**What you should do**
Only the pictures should be left out; write out all other data exactly.

**Given information**
· · · · ·
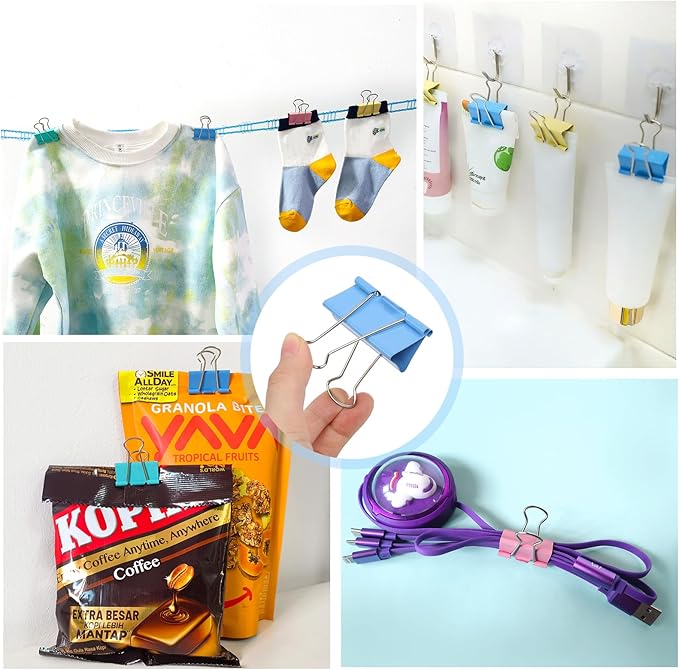 - 【Wide Application】These cute binder clips are perfect for office, home, and school daily use, suit for students, teachers elementary and clerical workers. In addition, they can also be used as key chains, keyboard clips, creative games, data cable storage, photo clips, garbage bag clips, sealing clips, food spoilage prevention clips, and as gifts on festivals
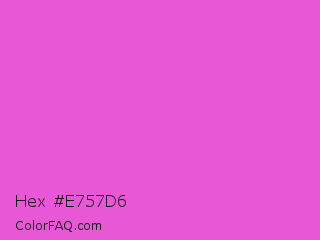 Hex #e757d6 Color is a light magenta color and the nearest color is Purple Pizzazz #fe4eda. Hex code #e757d6 and RGB value is rgb(231,87,214). In RGB color space, this color is composed of 91% red, 34% green, 84% blue, In CMYK color space, this color is composed of 0% cyan, 62% magenta, 7% yellow , 9% black , In HSL color space, this color has a hue angle of 307° , 75% saturation and 62% lightness.
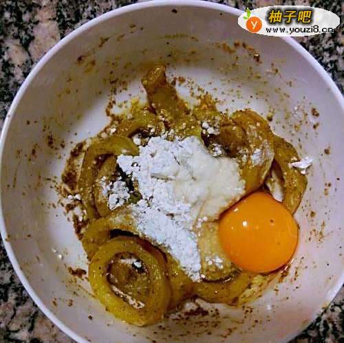 2腌制好后加入一个鸡蛋,少许面粉、少许食用油拌匀成糊状即可。(当然我这一步比较懒,哈哈……不过也不是不可以啊)
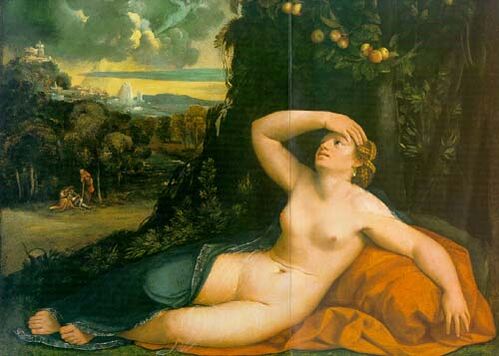 - Мифологическая сцена, около 1524; Масло, холст, 164 x 145 см, Музей Гетти, Лос-Анджелес
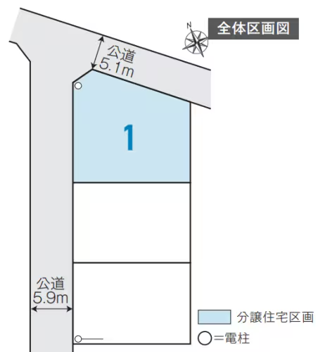 | 土地面積 | 公218.4㎡(66.06坪) | 接道 | 北側(公道)幅 約5.1m 西側(公道)幅 約5.9m |
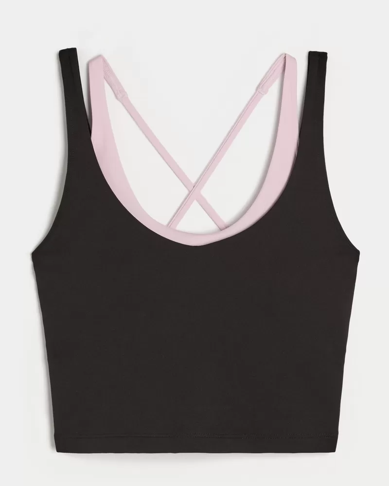 Designed in our breathable, 4-way stretch, moisture-wicking Boost fabric with a super soft, brushed feel. Layered detail with cross-back straps. Built-in bra with removable pads. Imported.
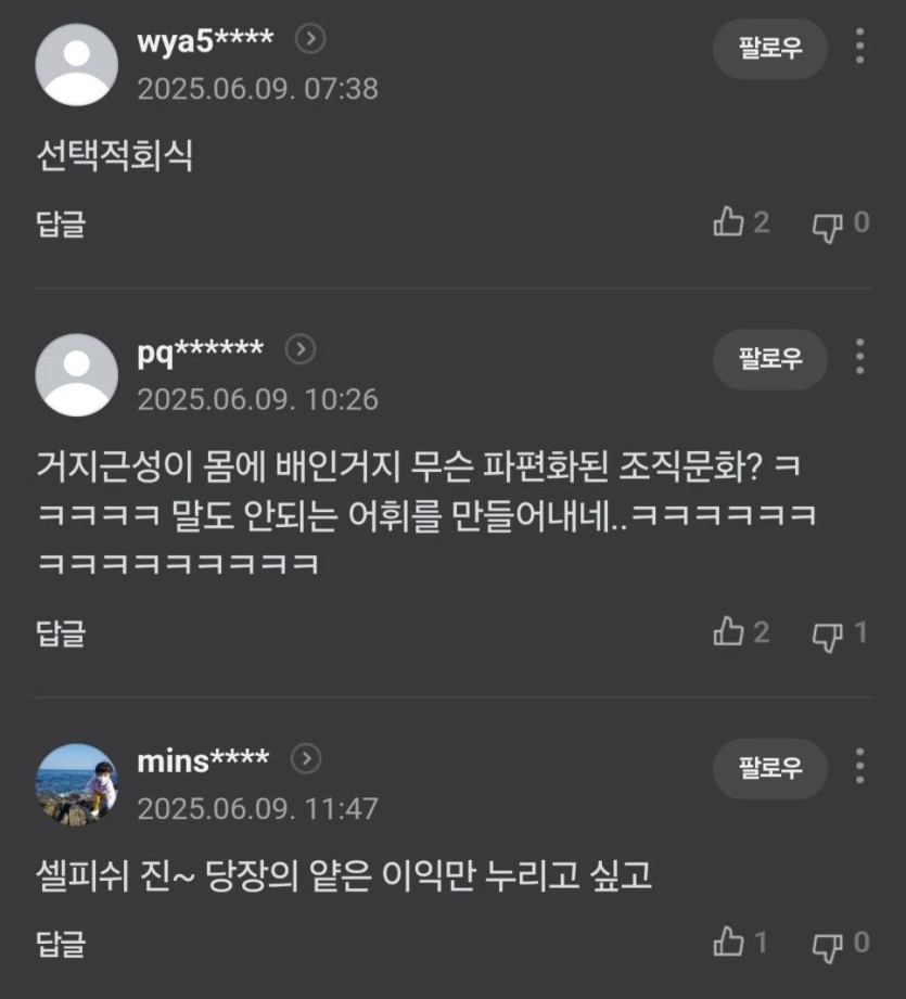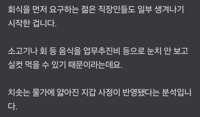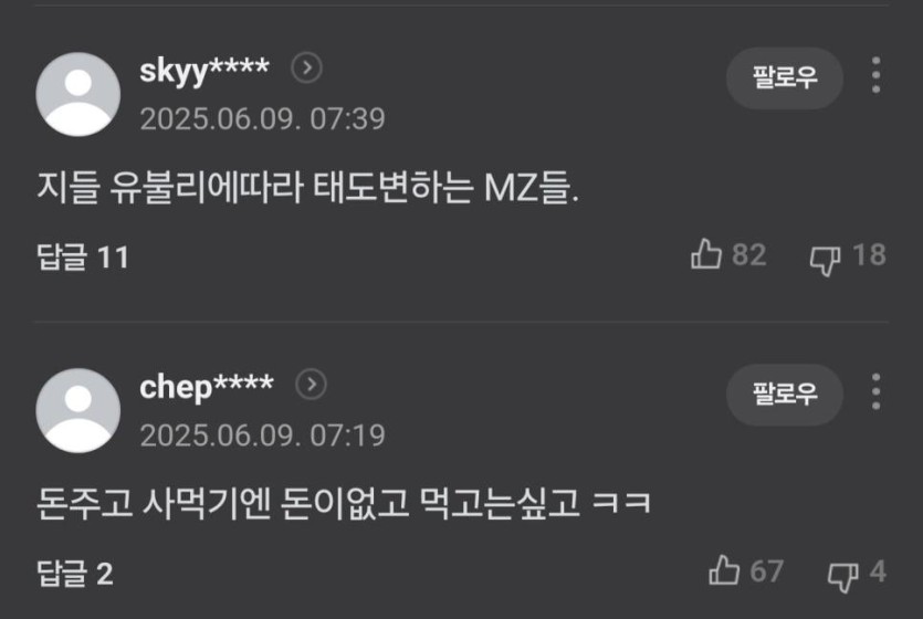 회식 요구하는 MZ세대... 얇아진 지갑 때문.jpg rh1 0 97 0 2025.06.09 14:45 회식피함 -> 이기적이고 개인주의가 심하다회식함 -> 거지근성, 돈이 없는거냐ㅜㅜ 0
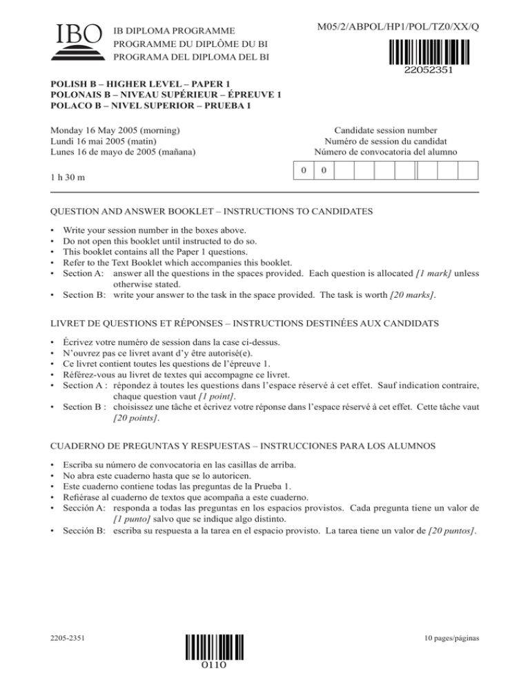 M05/2/ABPOL/HP1/POL/TZ0/XX/Q IB DIPLOMA PROGRAMME PROGRAMME DU DIPLÔME DU BI PROGRAMA DEL DIPLOMA DEL BI 22052351 POLISH B – HIGHER LEVEL – PAPER 1 POLONAIS B – NIVEAU SUPÉRIEUR – ÉPREUVE 1 POLACO B – NIVEL SUPERIOR – PRUEBA 1 Monday 16 May 2005 (morning) Lundi 16 mai 2005 (matin) Lunes 16 de mayo de 2005 (mañana) Candidate session number Numéro de session du candidat Número de convocatoria del alumno 0 1 h 30 m 0 QUESTION AND ANSWER BOOKLET – INSTRUCTIONS TO CANDIDATES • • • • • Write your session number in the boxes above. Do not open this booklet until instructed to do so. This booklet contains all the Paper 1 questions. Refer to the Text Booklet which accompanies this booklet. Section A: answer all the questions in the spaces provided. Each question is allocated [1 mark] unless otherwise stated. • Section B: write your answer to the task in the space provided. The task is worth [20 marks]. LIVRET DE QUESTIONS ET RÉPONSES – INSTRUCTIONS DESTINÉES AUX CANDIDATS • • • • • Écrivez votre numéro de session dans la case ci-dessus. N’ouvrez pas ce livret avant d’y être autorisé(e). Ce livret contient toutes les questions de l’épreuve 1. Référez-vous au livret de textes qui accompagne ce livret. Section A : répondez à toutes les questions dans l’espace réservé à cet effet. Sauf indication contraire, chaque question vaut [1 point]. • Section B : choisissez une tâche et écrivez votre réponse dans l’espace réservé à cet effet. Cette tâche vaut [20 points]. CUADERNO DE PREGUNTAS Y RESPUESTAS – INSTRUCCIONES PARA LOS ALUMNOS • • • • • Escriba su número de convocatoria en las casillas de arriba. No abra este cuaderno hasta que se lo autoricen. Este cuaderno contiene todas las preguntas de la Prueba 1. Refiérase al cuaderno de textos que acompaña a este cuaderno. Sección A: responda a todas las preguntas en los espacios provistos. Cada pregunta tiene un valor de [1 punto] salvo que se indique algo distinto. • Sección B: escriba su respuesta a la tarea en el espacio provisto. La tarea tiene un valor de [20 puntos]. 2205-2351 10 pages/páginas 0110 –2– M05/2/ABPOL/HP1/POL/TZ0/XX/Q SEKCJA A TEKST A – MAŁA CZARNA BŁYSKAWICZNA 1. Spośród zdań A - G tylko trzy są prawdziwe. Do kratek znajdujących się po lewej stronie wpisz tylko te litery, którymi oznaczono prawdziwe zdania. Uwaga: zdań jest więcej niż potrzebujesz. Przykład: D A. Tradycje picia kawy są różne w zależności od kraju. B. Kawę po turecku pija się tylko w Turcji. C. Polacy piją tylko kawę parzoną przez filtr. D. Kawa na wynos – to kawa pita poza kawiarnią. E. Błyskawiczny sposób serwowania kawy pochodzi z USA. F. W Polsce istnieje obecnie 20 kawiarni Coffee Heaven. G. Oprócz kawy w kawiarniach Coffee Heaven można też zjeść lunch i coś na słodko. Spośród odpowiedzi A, B, C, D wybierz tę, która jest poprawna. Wpisz ją do kratki znajdującej się po prawej stronie kartki. 2. Kawosz to osoba: A. B. C. D. 3. nie lubiąca pić kawy? lubiąca pić kawę? lubiąca pić czarną kawę? lubiąca specjalny rodzaj kawy? Raj to: A. B. C. D. ziemia niczyja? dziki zakątek? biblijna kraina szczęścia? miejsce tylko dla bogaczy? 2205-2351 0210 –3– 4. Centrum handlowe to? A. B. C. D. 5. M05/2/ABPOL/HP1/POL/TZ0/XX/Q miejsce, w którym znajdują się sklepy? miejsce, w którym znajdują się sklepy i kina? miejsce, w którym znajdują się sklepy i restauracje? miejsce, w którym znajdują sklepy, kina, restauracje? Serwowanie kawy to? A. B. C. D. podawanie kawy w kawiarni, itp? kupowanie kawy? sprzedawanie kawy? wytwarzanie kawy? Odpowiedz na następujące pytania związane z Tekstem A: 6. Którą kawę przygotowuje się w miedzianym naczyniu? ................................................................................ 7. Czym się różni cafe latte od kawy cappucino? ................................................................................ 8. Jak jest serwowana kawa po wiedeńsku? ................................................................................ 9. Jak przyrządza się kawę po irlandzku? ................................................................................ 10. Która kawa składa się z gorącego mleka i gorącej czekolady? ................................................................................ 11. Skąd pochodzi nazwa: kawa z filtra? ................................................................................ Turn over / Tournez la page / Véase al dorso 2205-2351 0310 –4– M05/2/ABPOL/HP1/POL/TZ0/XX/Q TEKST B – CURRICULUM VITAE Spośród odpowiedzi A, B, C, D wybierz tę, która jest poprawna. Wpisz ją do kratki znajdującej się po prawej stronie kartki. 12. Co to jest curriculum vitae? A. B. C. D. 13. W której osobie autor opowiada o sobie? A. B. C. D. 14. okupację sowiecką, okupację niemiecką, wyzwolenie, czasy powojenne. Co to znaczy ‘zaglądać śmierci w oczy’? A. B. C. D. 16. drugiej, trzeciej, bezosobowo, pierwszej. Na jaki okres historyczny przypadła jego młodość? A. B. C. D. 15. życiorys, podanie, list, prezentacja. być blisko niej, być od niej z dala, myśleć o niej, przywoływać ją. Dlaczego został poetą? A. B. C. D. dlatego, że był młody, dlatego, że skończył studia, dlatego, że musiał, dlatego, że była to błahostka. 2205-2351 0410 –5– 17. M05/2/ABPOL/HP1/POL/TZ0/XX/Q Które wyrażenie z 11 linijki wiersza jest równoznaczne z określeniem ‘dla rozgłosu?’ ................................................................................ 18. Znajdź dwa słowa z 18 linijki, za pomocą których poeta charakteryzuje swoje życie. ................................................................................ Turn over / Tournez la page / Véase al dorso 2205-2351 0510 –6– M05/2/ABPOL/HP1/POL/TZ0/XX/Q Po lewej stronie kartki umieszczono wyrazy pochodzące z wiersza Tadeusza Borowskiego ‘Curriculum vitae
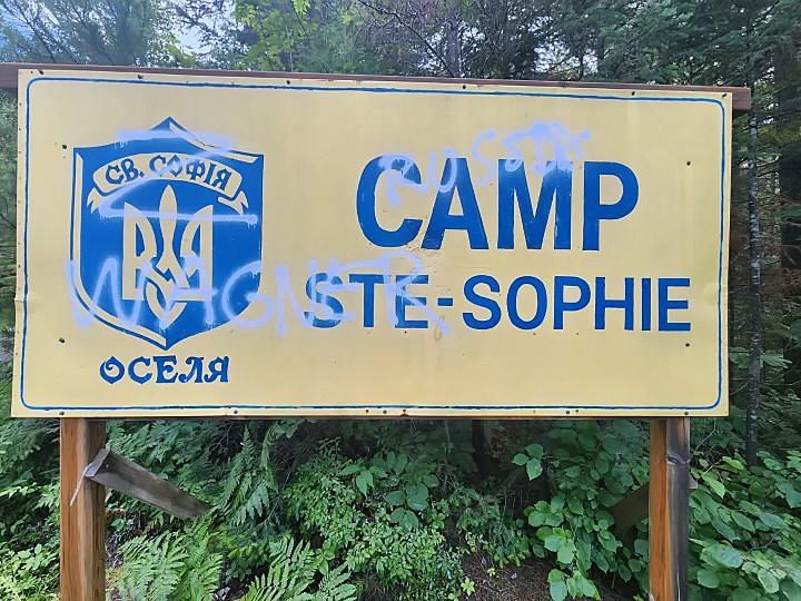 CHERTSEY, Qc — Les responsables d'un camp d'été pour les enfants ukrainiens à Chertsey, dans Lanaudière, déplorent qu'un panneau ait été barbouillé de graffitis prorusses.
· · · · ·
**Answer box**
 - 【Wide Application】These cute binder clips are perfect for office, home, and school daily use, suit for students, teachers elementary and clerical workers. In addition, they can also be used as key chains, keyboard clips, creative games, data cable storage, photo clips, garbage bag clips, sealing clips, food spoilage prevention clips, and as gifts on festivals
 Hex #e757d6 Color is a light magenta color and the nearest color is Purple Pizzazz #fe4eda. Hex code #e757d6 and RGB value is rgb(231,87,214). In RGB color space, this color is composed of 91% red, 34% green, 84% blue, In CMYK color space, this color is composed of 0% cyan, 62% magenta, 7% yellow , 9% black , In HSL color space, this color has a hue angle of 307° , 75% saturation and 62% lightness.
 2腌制好后加入一个鸡蛋,少许面粉、少许食用油拌匀成糊状即可。(当然我这一步比较懒,哈哈……不过也不是不可以啊)
 - Мифологическая сцена, около 1524; Масло, холст, 164 x 145 см, Музей Гетти, Лос-Анджелес
 | 土地面積 | 公218.4㎡(66.06坪) | 接道 | 北側(公道)幅 約5.1m 西側(公道)幅 約5.9m |
 Designed in our breathable, 4-way stretch, moisture-wicking Boost fabric with a super soft, brushed feel. Layered detail with cross-back straps. Built-in bra with removable pads. Imported.
 회식 요구하는 MZ세대... 얇아진 지갑 때문.jpg rh1 0 97 0 2025.06.09 14:45 회식피함 -> 이기적이고 개인주의가 심하다회식함 -> 거지근성, 돈이 없는거냐ㅜㅜ 0
 M05/2/ABPOL/HP1/POL/TZ0/XX/Q IB DIPLOMA PROGRAMME PROGRAMME DU DIPLÔME DU BI PROGRAMA DEL DIPLOMA DEL BI 22052351 POLISH B – HIGHER LEVEL – PAPER 1 POLONAIS B – NIVEAU SUPÉRIEUR – ÉPREUVE 1 POLACO B – NIVEL SUPERIOR – PRUEBA 1 Monday 16 May 2005 (morning) Lundi 16 mai 2005 (matin) Lunes 16 de mayo de 2005 (mañana) Candidate session number Numéro de session du candidat Número de convocatoria del alumno 0 1 h 30 m 0 QUESTION AND ANSWER BOOKLET – INSTRUCTIONS TO CANDIDATES • • • • • Write your session number in the boxes above. Do not open this booklet until instructed to do so. This booklet contains all the Paper 1 questions. Refer to the Text Booklet which accompanies this booklet. Section A: answer all the questions in the spaces provided. Each question is allocated [1 mark] unless otherwise stated. • Section B: write your answer to the task in the space provided. The task is worth [20 marks]. LIVRET DE QUESTIONS ET RÉPONSES – INSTRUCTIONS DESTINÉES AUX CANDIDATS • • • • • Écrivez votre numéro de session dans la case ci-dessus. N’ouvrez pas ce livret avant d’y être autorisé(e). Ce livret contient toutes les questions de l’épreuve 1. Référez-vous au livret de textes qui accompagne ce livret. Section A : répondez à toutes les questions dans l’espace réservé à cet effet. Sauf indication contraire, chaque question vaut [1 point]. • Section B : choisissez une tâche et écrivez votre réponse dans l’espace réservé à cet effet. Cette tâche vaut [20 points]. CUADERNO DE PREGUNTAS Y RESPUESTAS – INSTRUCCIONES PARA LOS ALUMNOS • • • • • Escriba su número de convocatoria en las casillas de arriba. No abra este cuaderno hasta que se lo autoricen. Este cuaderno contiene todas las preguntas de la Prueba 1. Refiérase al cuaderno de textos que acompaña a este cuaderno. Sección A: responda a todas las preguntas en los espacios provistos. Cada pregunta tiene un valor de [1 punto] salvo que se indique algo distinto. • Sección B: escriba su respuesta a la tarea en el espacio provisto. La tarea tiene un valor de [20 puntos]. 2205-2351 10 pages/páginas 0110 –2– M05/2/ABPOL/HP1/POL/TZ0/XX/Q SEKCJA A TEKST A – MAŁA CZARNA BŁYSKAWICZNA 1. Spośród zdań A - G tylko trzy są prawdziwe. Do kratek znajdujących się po lewej stronie wpisz tylko te litery, którymi oznaczono prawdziwe zdania. Uwaga: zdań jest więcej niż potrzebujesz. Przykład: D A. Tradycje picia kawy są różne w zależności od kraju. B. Kawę po turecku pija się tylko w Turcji. C. Polacy piją tylko kawę parzoną przez filtr. D. Kawa na wynos – to kawa pita poza kawiarnią. E. Błyskawiczny sposób serwowania kawy pochodzi z USA. F. W Polsce istnieje obecnie 20 kawiarni Coffee Heaven. G. Oprócz kawy w kawiarniach Coffee Heaven można też zjeść lunch i coś na słodko. Spośród odpowiedzi A, B, C, D wybierz tę, która jest poprawna. Wpisz ją do kratki znajdującej się po prawej stronie kartki. 2. Kawosz to osoba: A. B. C. D. 3. nie lubiąca pić kawy? lubiąca pić kawę? lubiąca pić czarną kawę? lubiąca specjalny rodzaj kawy? Raj to: A. B. C. D. ziemia niczyja? dziki zakątek? biblijna kraina szczęścia? miejsce tylko dla bogaczy? 2205-2351 0210 –3– 4. Centrum handlowe to? A. B. C. D. 5. M05/2/ABPOL/HP1/POL/TZ0/XX/Q miejsce, w którym znajdują się sklepy? miejsce, w którym znajdują się sklepy i kina? miejsce, w którym znajdują się sklepy i restauracje? miejsce, w którym znajdują sklepy, kina, restauracje? Serwowanie kawy to? A. B. C. D. podawanie kawy w kawiarni, itp? kupowanie kawy? sprzedawanie kawy? wytwarzanie kawy? Odpowiedz na następujące pytania związane z Tekstem A: 6. Którą kawę przygotowuje się w miedzianym naczyniu? ................................................................................ 7. Czym się różni cafe latte od kawy cappucino? ................................................................................ 8. Jak jest serwowana kawa po wiedeńsku? ................................................................................ 9. Jak przyrządza się kawę po irlandzku? ................................................................................ 10. Która kawa składa się z gorącego mleka i gorącej czekolady? ................................................................................ 11. Skąd pochodzi nazwa: kawa z filtra? ................................................................................ Turn over / Tournez la page / Véase al dorso 2205-2351 0310 –4– M05/2/ABPOL/HP1/POL/TZ0/XX/Q TEKST B – CURRICULUM VITAE Spośród odpowiedzi A, B, C, D wybierz tę, która jest poprawna. Wpisz ją do kratki znajdującej się po prawej stronie kartki. 12. Co to jest curriculum vitae? A. B. C. D. 13. W której osobie autor opowiada o sobie? A. B. C. D. 14. okupację sowiecką, okupację niemiecką, wyzwolenie, czasy powojenne. Co to znaczy ‘zaglądać śmierci w oczy’? A. B. C. D. 16. drugiej, trzeciej, bezosobowo, pierwszej. Na jaki okres historyczny przypadła jego młodość? A. B. C. D. 15. życiorys, podanie, list, prezentacja. być blisko niej, być od niej z dala, myśleć o niej, przywoływać ją. Dlaczego został poetą? A. B. C. D. dlatego, że był młody, dlatego, że skończył studia, dlatego, że musiał, dlatego, że była to błahostka. 2205-2351 0410 –5– 17. M05/2/ABPOL/HP1/POL/TZ0/XX/Q Które wyrażenie z 11 linijki wiersza jest równoznaczne z określeniem ‘dla rozgłosu?’ ................................................................................ 18. Znajdź dwa słowa z 18 linijki, za pomocą których poeta charakteryzuje swoje życie. ................................................................................ Turn over / Tournez la page / Véase al dorso 2205-2351 0510 –6– M05/2/ABPOL/HP1/POL/TZ0/XX/Q Po lewej stronie kartki umieszczono wyrazy pochodzące z wiersza Tadeusza Borowskiego ‘Curriculum vitae
 CHERTSEY, Qc — Les responsables d'un camp d'été pour les enfants ukrainiens à Chertsey, dans Lanaudière, déplorent qu'un panneau ait été barbouillé de graffitis prorusses.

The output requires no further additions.